Жизнь в Сегельфосском имении складывалась при новых господах несколько иначе, чем прежде. Будничные дни протекали теперь в более высоком плане, на большем расстоянии от деревенского люда. Гордон Тидеман проделывал в экипаже короткий путь от дома до лавки и обратно, и кроме этого приобрёл ряд других барских замашек. К чему, например, надевал он в жару, во время этой непродолжительной поездки, жёлтые перчатки? Он купил себе маленькую нарядную моторную лодку, хотя вовсе не нуждался в ней, исключительно для того, чтобы выезжать навстречу почтовым пароходам и показываться путешественникам, в то время как он перекидывался словами с капитаном. Да и было на что посмотреть, — он был высоким и статным человеком, цвет его кожи и волос был тёмен по-иноземному, нос с горбинкой, глаза сверкающие, узкий и твёрдый рот. Он всегда был красиво одет, и его башмаки сияли. Нет, он был другим, чем Пер Из-лавки или Теодор Из-лавки.

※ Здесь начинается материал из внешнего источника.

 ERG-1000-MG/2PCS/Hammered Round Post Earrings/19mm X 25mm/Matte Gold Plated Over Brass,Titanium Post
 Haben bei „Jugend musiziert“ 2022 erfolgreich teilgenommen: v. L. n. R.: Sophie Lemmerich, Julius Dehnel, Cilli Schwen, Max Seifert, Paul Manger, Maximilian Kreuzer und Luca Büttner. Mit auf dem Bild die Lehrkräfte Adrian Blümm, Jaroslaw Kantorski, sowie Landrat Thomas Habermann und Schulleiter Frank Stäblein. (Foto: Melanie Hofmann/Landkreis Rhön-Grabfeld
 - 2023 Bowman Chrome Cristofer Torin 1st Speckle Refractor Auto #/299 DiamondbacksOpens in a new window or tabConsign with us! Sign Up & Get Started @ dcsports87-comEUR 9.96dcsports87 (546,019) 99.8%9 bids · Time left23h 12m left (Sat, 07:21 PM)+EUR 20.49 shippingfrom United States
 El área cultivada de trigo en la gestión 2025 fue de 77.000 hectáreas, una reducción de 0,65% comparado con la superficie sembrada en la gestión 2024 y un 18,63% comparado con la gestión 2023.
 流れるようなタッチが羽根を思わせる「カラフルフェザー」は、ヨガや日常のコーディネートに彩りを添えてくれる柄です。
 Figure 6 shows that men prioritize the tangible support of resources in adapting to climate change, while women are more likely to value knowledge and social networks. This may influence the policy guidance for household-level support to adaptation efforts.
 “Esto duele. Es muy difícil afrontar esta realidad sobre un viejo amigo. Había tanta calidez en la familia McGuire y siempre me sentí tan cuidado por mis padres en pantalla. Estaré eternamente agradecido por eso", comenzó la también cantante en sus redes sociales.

Пока был жив его отец, артели ежегодно выезжали в море, — каждая артель в свой фарватер; нередко — дважды в год: осенью, перед Лофотенами, и весной, после них. Рыбный промысел — ловля сельдей и засол их — были тем, что прежде всего интересовало его и давало крупные доходы. Но вовсе не этому учился Гордон Тидеман в школах и путешествиях, он знал слишком много о ведении книг, о биржевых курсах и иностранных расчётах, — о вещах, которые не имели ровно никакого значения в его деле. Какая польза была от составления прекрасных и точных счётов мелочной торговли, когда она отнюдь не приносила тех доходов, что крупная удача и везение в рыболовном деле? Он содержал даже коммивояжёра для поездок в города северной Норвегии, но особенной выгоды от этого не имел. Однажды он попросил его к себе в контору и указал ему на стул. Шефом он был вежливым, но сдержанным.
— Дела не особенно блестящи, — сказал он.
— Да, как будто бы.
— Последние образцы могли бы продаваться успешнее. Я говорю о шёлковых кимоно.

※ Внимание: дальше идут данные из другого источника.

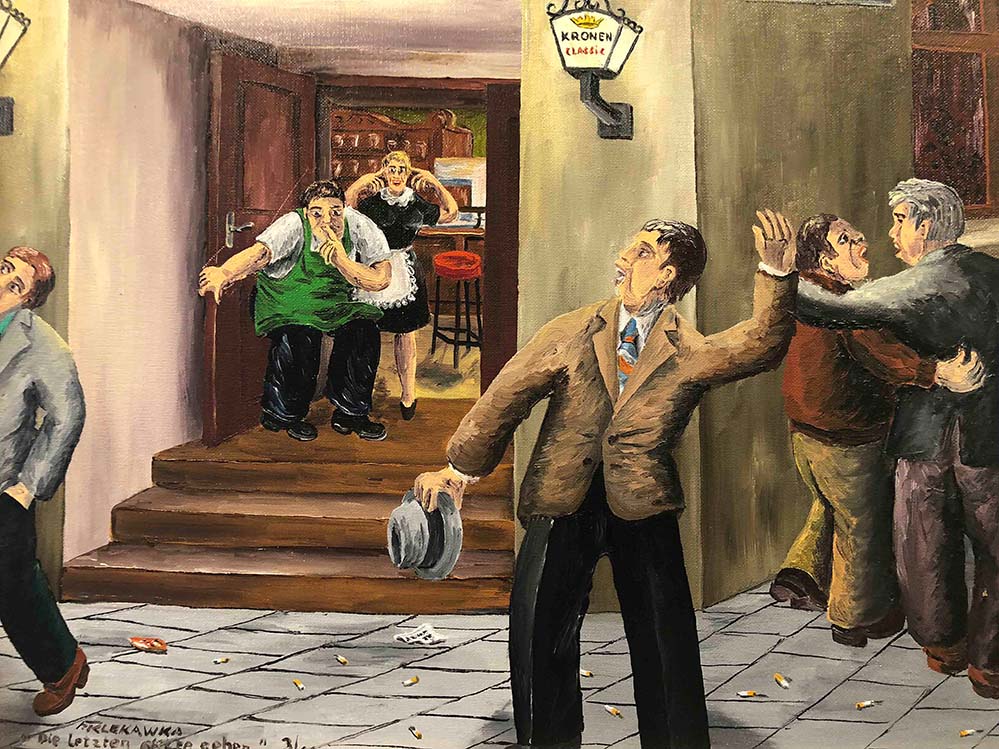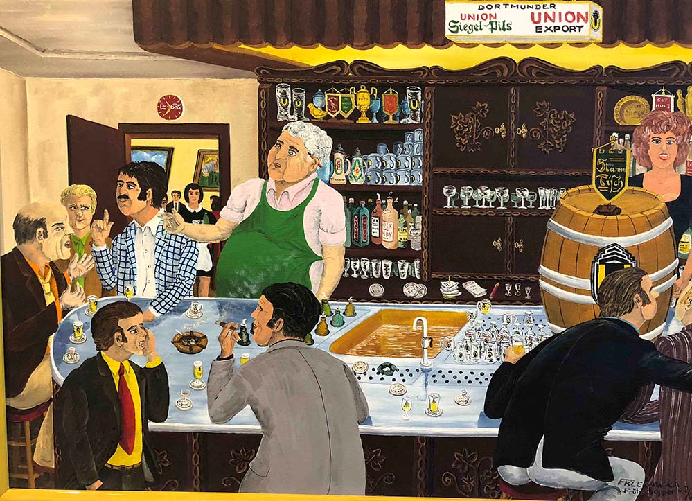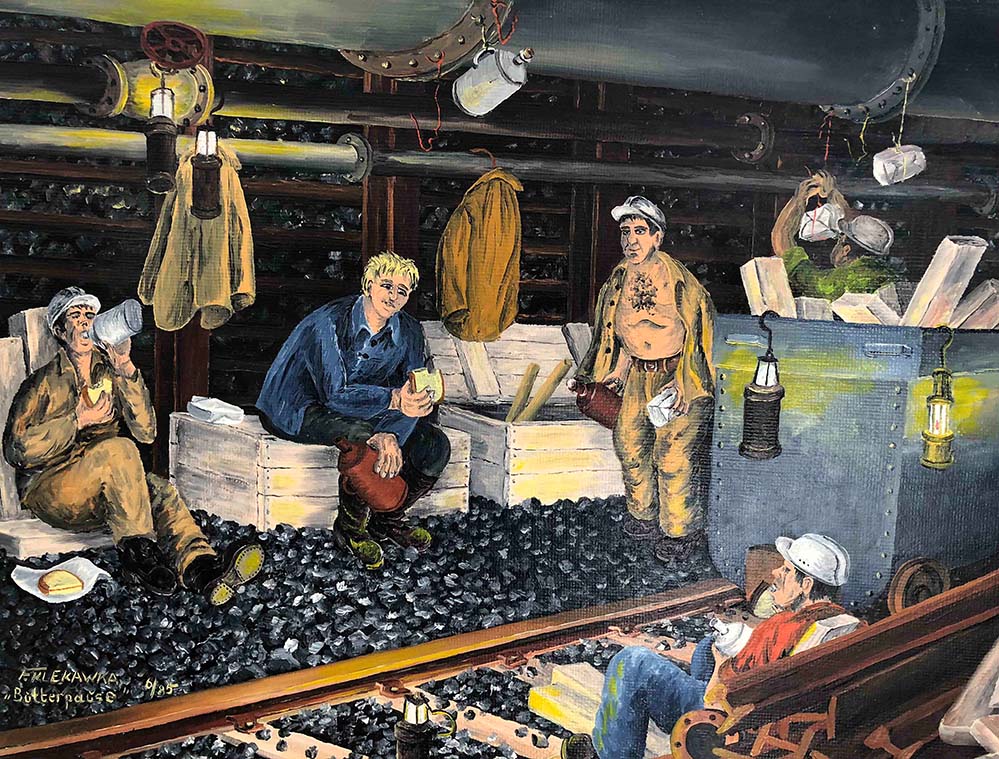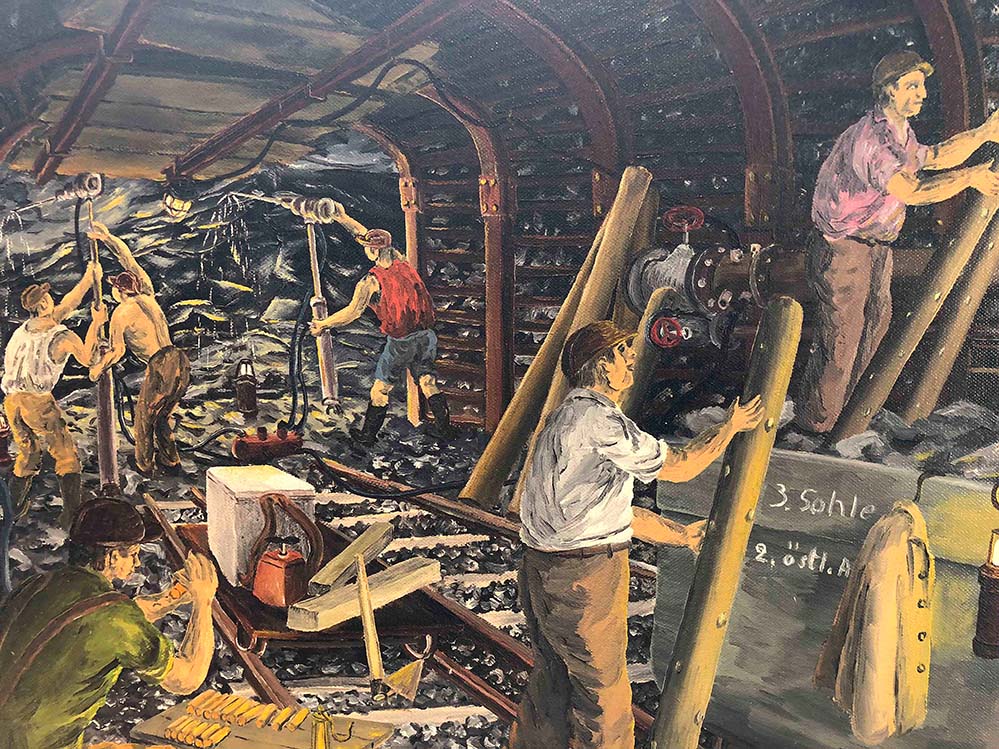 Mit den Pinseln hielt Franz Klekawka Freizeit- und Alltagsmenschen fest. Erinnerungen an Ausflüge, Prozessionen, auch ganz viele lustige Begebenheiten aus dem (einfachen) Leben. Ebenso dazu gehören Erinnerungen an seine Kindheit und Jugend in der Zechenkolonie Schüren.

— Да, — отвечал коммивояжёр, — но люди только головой качают, глядя на них.
— Это товар от самых лучших фирм.
— Народ предпочитает спать в бумажных рубашках. Это старая история.
— А как идёт дело с шерстяными платьями? — спросил шеф. — Ведь это сейчас самый модный товар.
— Да, — отвечал человек и покачал головой. — Но дело в том, что дамы предпочитают шёлк. Шерсть внизу и шёлк снаружи, — добавил он и засмеялся.
Шеф в ответ на смех поморщился.
— Вообще дела идут плохо. Тут что-нибудь не так. У вас достаточно денег для представительства?
— Я имею всё, что полагается нам всем в разъездах.
Тогда шеф вдруг сказал:
— Но вы сами могли бы одеться получше. Вы бываете у купцов вот в этом платье?
— Этот костюм почти что с иголочки. Предыдущий был, пожалуй, немножко узковат, но этот...
— Откуда он у вас?
— Из Тромсё, из самого лучшего магазина в Тромсё.
— Вам следовало бы набить на ваши чемоданы с образчиками медные углы, — сказал шеф.
Человек разинул рот:
— Вы считаете это необходимым?
— Пожалуй. Мне пришло это в голову. Но дело не только в чемоданах и в костюме, — всё зависит от манер. Не знаю, понимаете ли вы, что я хочу сказать. Думали ли вы когда-нибудь о ваших манерах? Вы являетесь представителем крупной фирмы, и так и должны себя держать. Эта ваша рубашка и этот галстук, — простите, что я об этом говорю!.. — Тут шеф кивнул головой и дал понять, что он сказал всё, что хотел.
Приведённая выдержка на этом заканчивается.